The Humboldt quid is also known as the jumbo squid or jumbo flying squid in English and in Spanish as calamar gigante or jibia or pota. They have a propensity for rapid flashing of the colors red and white when captured and because of this are also known as diablo rojo ('red devil'). It is the largest of the Ommastrephid squids, with some individuals reaching 1.5 m (5 ft) in mantle (body) length and weighing upwards of 50 kg (110 lb). The mantle makes up at least half of the animals mass and includes the fins or wings. The remaining portion is roughly split between the arms and tentacles and the head (including eyes and beak). They possess two tentacles each carrying between 100 and 200 suckers. The suckers are lined with razor sharp teeth or hooks which they use to grasp prey and drag it toward their very large and very sharp beak.
They often approach prey quickly with all 10 appendages extended forward in a cone-like shape. Upon reaching striking distance, they open their eight swimming and grasping arms, and extend the tentacles covered in sharp hooks, grabbing their prey and pulling it back toward a parrot-like beak, which can easily cause serious lacerations to human flesh. These two longer tentacles can reach full length, grab prey, and retract so fast that almost the entire event happens in one frame of a normal-speed video camera.
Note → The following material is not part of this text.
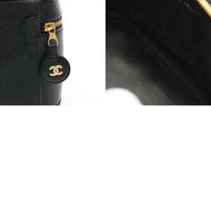 CHANEL Black Caviar Leather Logo Vanity Bag

Each of the squid's suckers is ringed with sharp teeth, and the beak can tear flesh, although they are believed to lack the jaw strength to crack heavy bone. The squid are known for their speed at eating; they feast on hooked fish, stripping them to the bone before fishermen can reel them in. Their behavior while feeding often includes cannibalism and they have been seen to readily attack injured or vulnerable squid in their shoal. Until recently, claims of cooperative or coordinated hunting were considered unconfirmed and without scientific merit. However, more recent research has strongly suggested they do engage in cooperative hunting.
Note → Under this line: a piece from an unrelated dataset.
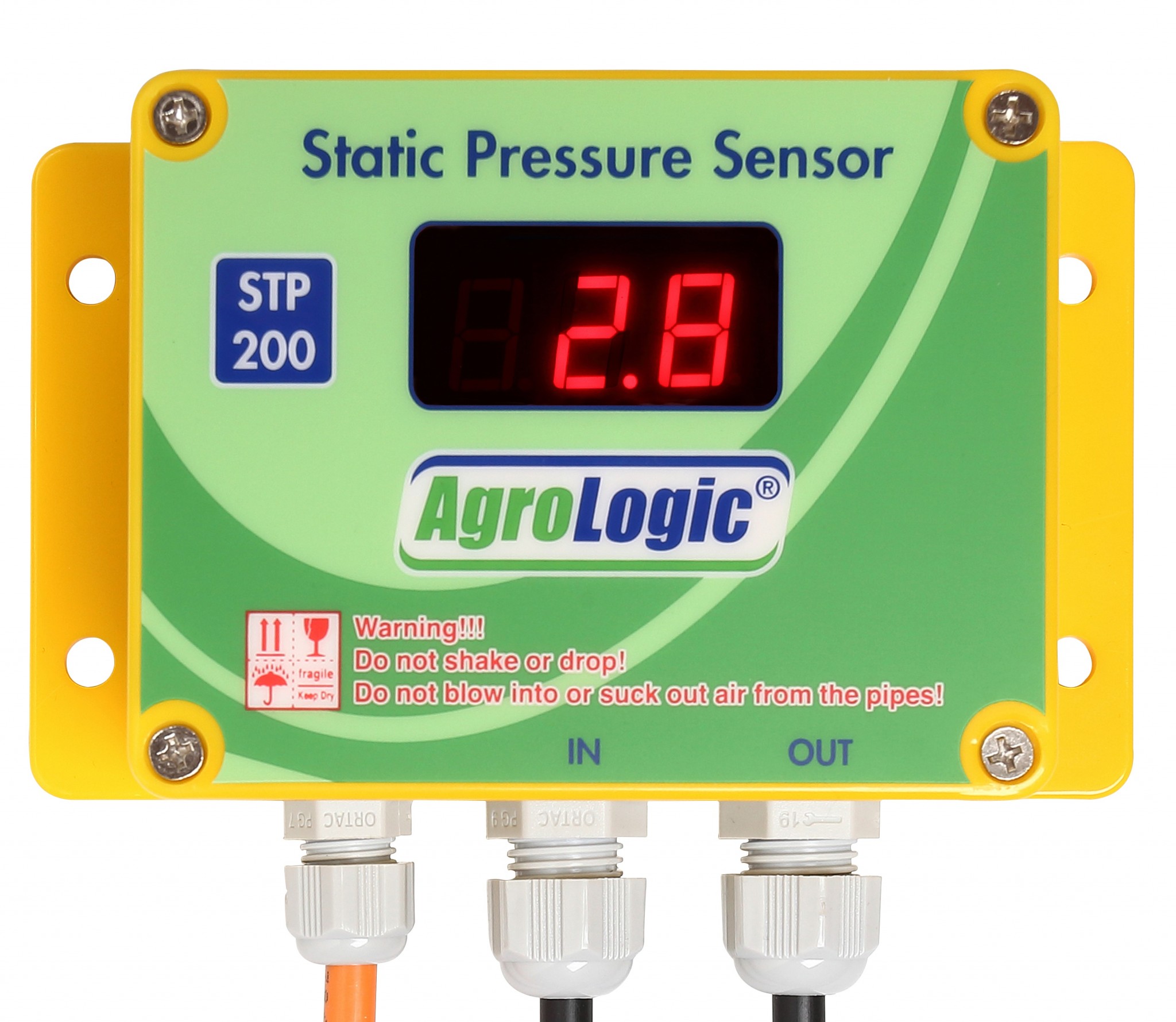 The STP200 is a highly sensitive static pressure sensor that can be connected to AgroLogic’s climate control units. It features a built-in digital display showing the current pressure reading.

They live in shoals which can be as large as 1,200 individuals and can move incredibly fast, upwards of 15mph, propelled by water ejected through a hyponome (siphon) and by two triangular fins. The ejected water generates enough force to send them them flying out of the seas to heights as far as 10 feet or more above the surface. It is this ability to "fly" that has been the source of many myths and legends among the men who fish for them. The legends speak of colleagues or friends "dragged down to the briny depths" by hunting Humboldts flying out of the water and snatching a man who was too close to the edge or not paying enough attention to his surroundings and situation. In some cases it is said the men were first hypnotized by the flashing lights of the squid, putting them into a trance like state and immobilizing them, making them easy pickings for the squid. It is this color generating (chromogenic) behavior that has been the source of most of the mythical stories specific to the Humboldt squid. Those tales tell of men not dragged down to the briny depths against their will by squid flying out of the water to snatch them, but rather of men who willingly (of a sort) give themselves to the squid, walking or running or jumping from the sides of their boats directly into the maws of the waiting, hungry squid. The belief is that these men were compelled to their deaths by one or more Humboldts who used their flashing lights to "hypnotize" and "trance" them and force them to feed themselves to the squid.
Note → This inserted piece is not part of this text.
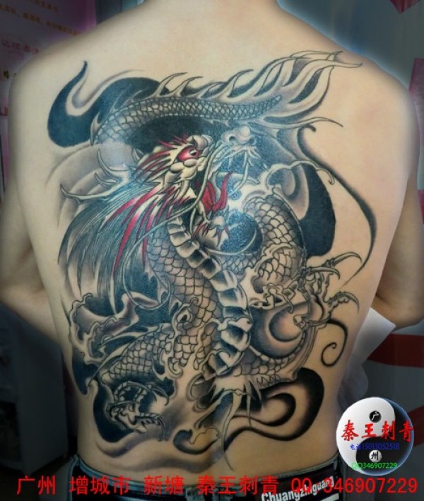 威猛男子背部龙咬尾纹身图片_后背纹身图案大全_纹身图吧

Humboldt squid have two modes of colour-generating behaviour: The entire body of the squids "flash" between the colours red and white at 2–4 Hz when in the presence of other squid, this behaviour likely represents intraspecific signalling. This flashing can be modulated in frequency, amplitude and in phase synchronisation with each other. What they are communicating is unknown – it could be an invitation for sex or a warning to not get too close or, if the legends are to be believed, a hypnotic signal which can induce a trance like state in their potential prey, including humans. Once induced into trance the prey is immobilized and helpless, or in some cases actively moves in the direction of the squid, accelerating its own demise. The other chromogenic mode is a much slower "flickering" of red and white waves which travel up and down the body, this is thought to be a dynamic type of camouflage which mimics the undulating pattern of sunlight filtering through the water, like sunlight on the bottom of a swimming pool. The squid appear to be able to control this to some degree, pausing or stopping it....these two chromogenic modes are not known in other squid species.
Fishermen Julio Ramirez was known among the locals in the small fishing community in Baja, California Mexico where he lived as a historian of the Humboldt. He knew as much about the squid, and the legends about them as anyone. He had seen men tranced by the squid before, it had happened to himself once many years ago. However, in the cases he had seen, and in his own, the trance had resulted only in a brief period of immobility. It had not lasted more than 10-15 seconds. Now, however, he found himself unsure of where he was or what exactly he was doing. It felt like he was walking and he had a vague sense that maybe he shouldn't be, or that he was heading in the wrong direction. But everything seemed so hazy and fuzzy and light and he was tired, so very tired. He just wanted to lay down and go to sleep. Suddenly he saw flashing lights below him and all around him. They were so beautiful, and he somehow knew they would show him where he could rest. Lead him to where he could sleep. Something in the back of his mind protested, and he thought he heard voices or shouts of wait and no, or something like that, but it was all so far away, so distant. He needed to rest, he was sure of that much, and he took one more step forward.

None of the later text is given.